Moradores das favelas são mais vulneráveis a altas temperaturas

Moradores das favelas são mais vulneráveis a altas temperaturas

Formação de ilhas de calor nas comunidades é uma das causas apontadas por especialista

Por: Manoela Oliveira

Aglomerado de casas das favelas do Complexo do Alemão / Foto: Tânia Rêgo/Agência Brasil
 
 
 

As favelas estão mais expostas a ondas de calor do que lugares considerados nobres, de acordo com um estudo da Faculdade de Arquitetura e Urbanismo da Universidade Federal do Rio de Janeiro (UFRJ). A pesquisa mostrou que os complexos da Maré, do Alemão e da Penha são as regiões mais quentes do Rio de Janeiro, sendo todas áreas localizadas na Zona Norte da cidade. No Rio, a menor temperatura em 2024 foi registrada no Alto da Boa Vista, com 15,5%, segundo o Instituto Nacional de Meteorologia (INMET). As diferenças no tipo de ocupação das regiões da cidade podem explicar as diferenças de temperatura, segundo pesquisadores.

Para Luciana Figueiredo, professora do Departamento de Oceanografia Física e Meteorologia da Universidade do Estado do Rio de Janeiro (Uerj), a ocorrência de temperaturas mais elevadas em bairros periféricos ocorre, muitas vezes, pela formação de ilhas de calor nessas regiões. Esse fenômeno acontece quando lugares muito urbanizados registram temperaturas mais altas que as áreas ao redor. Isso acontece devido à retirada de cobertura vegetal para construir asfaltos, material com grande absorção de calor. Um estudo global publicado na revista científica Nature Communications revelou que espaços arborizados são até 12 °C mais frios que localidades urbanas sem árvores.

James Miyamoto, professor de arquitetura e urbanismo da UFRJ, explica que existe uma grande aridez nas áreas onde estão localizadas as favelas, intensificando as ilhas de calor. “Quando chove, por exemplo, você tem problemas de alagamento, porque o solo é completamente impermeabilizado”. No Rio de Janeiro, uma em cada cinco casas está em áreas de alto risco de inundação, defende a Associação da Casa Fluminense. 

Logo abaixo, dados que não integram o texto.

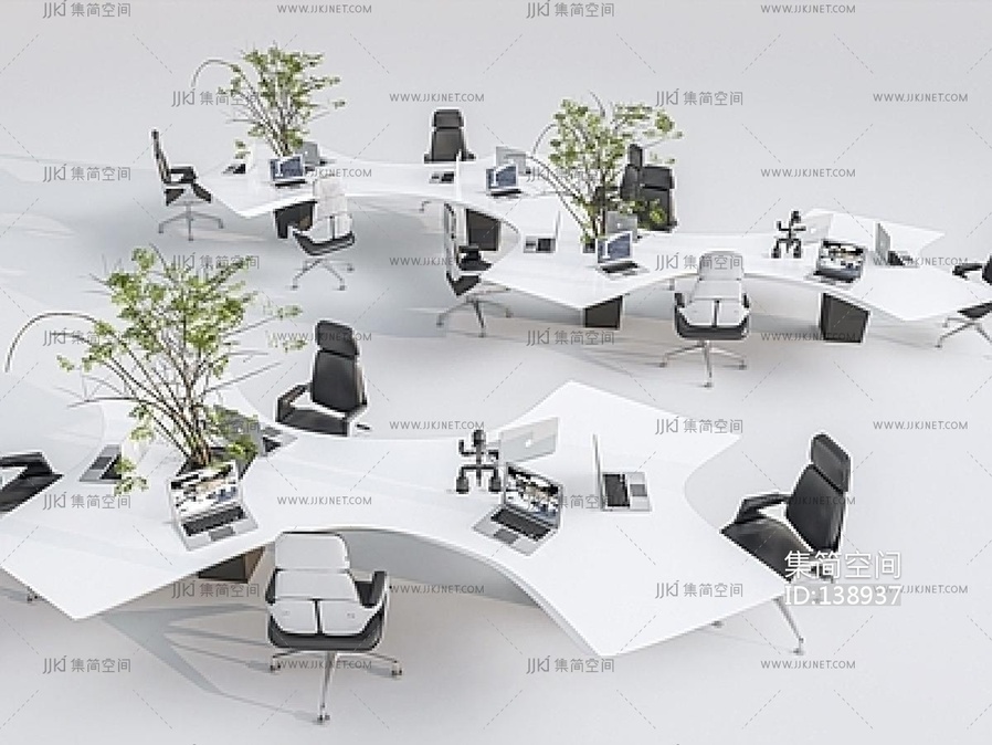 办公桌_职员桌_办公位SU模型su草图模型下载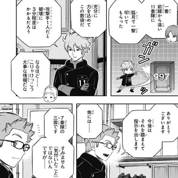 一番前線から遠く、戦闘が始まっても影響が少なそうな11番隊のターミナルに、ヒュースが弧月で一撃叩いたそうです。ヒュースが十分力を込めて3しか減らなかったので、アタッカー1人だと破壊に3分程度はかかりそう、とヒュースは言います。古寺が他に気付いたことがないかみんなに聞くと、三雲が『気付いたこと』ではないが、試験が開始したらすぐに前線に集まりませんか?と、古寺に提案します。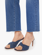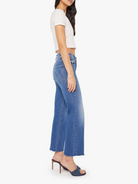 Bench warmers. Mid-rise jeans with a wide straight leg, zip fly and frayed ankle-length inseam. Made from stretch denim, Dugout Doobies is mid blue with whiskering and fading at the knee.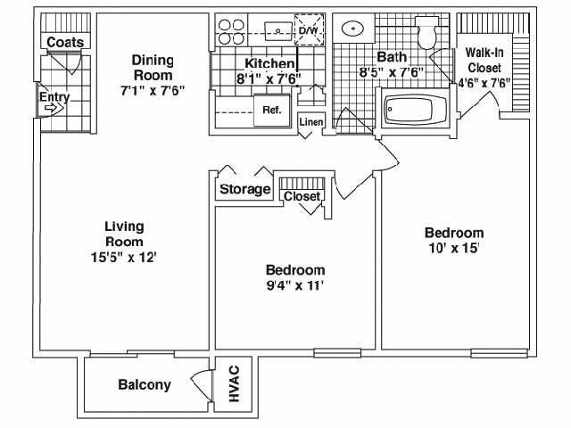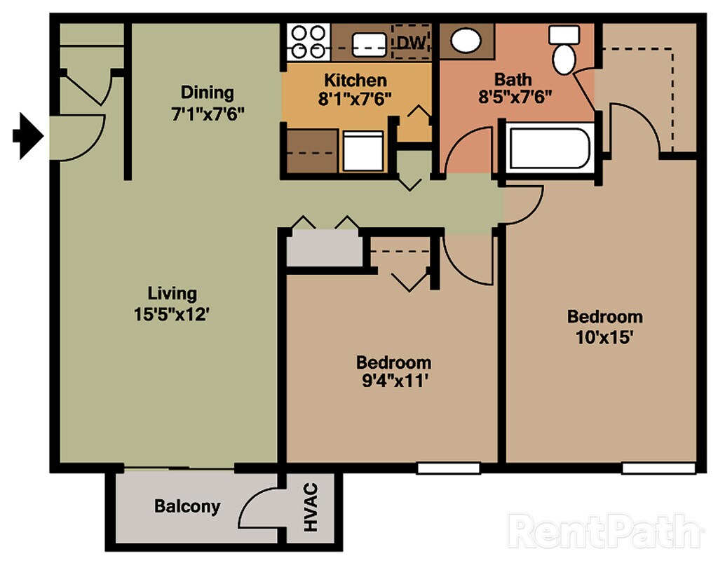 201 - 2 Bdrm, 1Bath - Plano 3 ![]()

Distribuição dos cariocas afetados por riscos climáticos / Gráfico: Reprodução própria, com dados da Associação da Casa Fluminense




De acordo com Luciana, “quanto mais carentes são as regiões, menos vegetação a gente vai encontrar”. Um levantamento da Sociedade Brasileira de Arborização Urbana apontou que os bairros da Zona Norte e Oeste do Rio de Janeiro apresentam as menores coberturas vegetais. Cordovil, Santa Cruz e Bangu foram as áreas menos arborizadas da cidade, segundo o estudo.

Luciana ressalta que a precariedade das construções das favelas afeta a sensação climática dos moradores. “Às vezes a casa não tem janela nem portas, então acaba criando um desconforto térmico muito grande nessas pessoas”. A professora concorda com o conceito de “injustiça climática”, argumentando que, apesar de as crises ambientais serem uma realidade global, as pessoas de classes mais altas são menos afetadas pelas mudanças climáticas.

Segundo James, a maioria das moradias nas favelas não possuem telhas, material que reflete os raios solares. No lugar, são usadas lajes em ambientes de grande concentração populacional, contribuindo para o aumento das temperaturas. De acordo com o professor, a melhor forma de diminuir as ondas de calor é com a implementação de cobertura vegetal em pontos estratégicos da cidade. 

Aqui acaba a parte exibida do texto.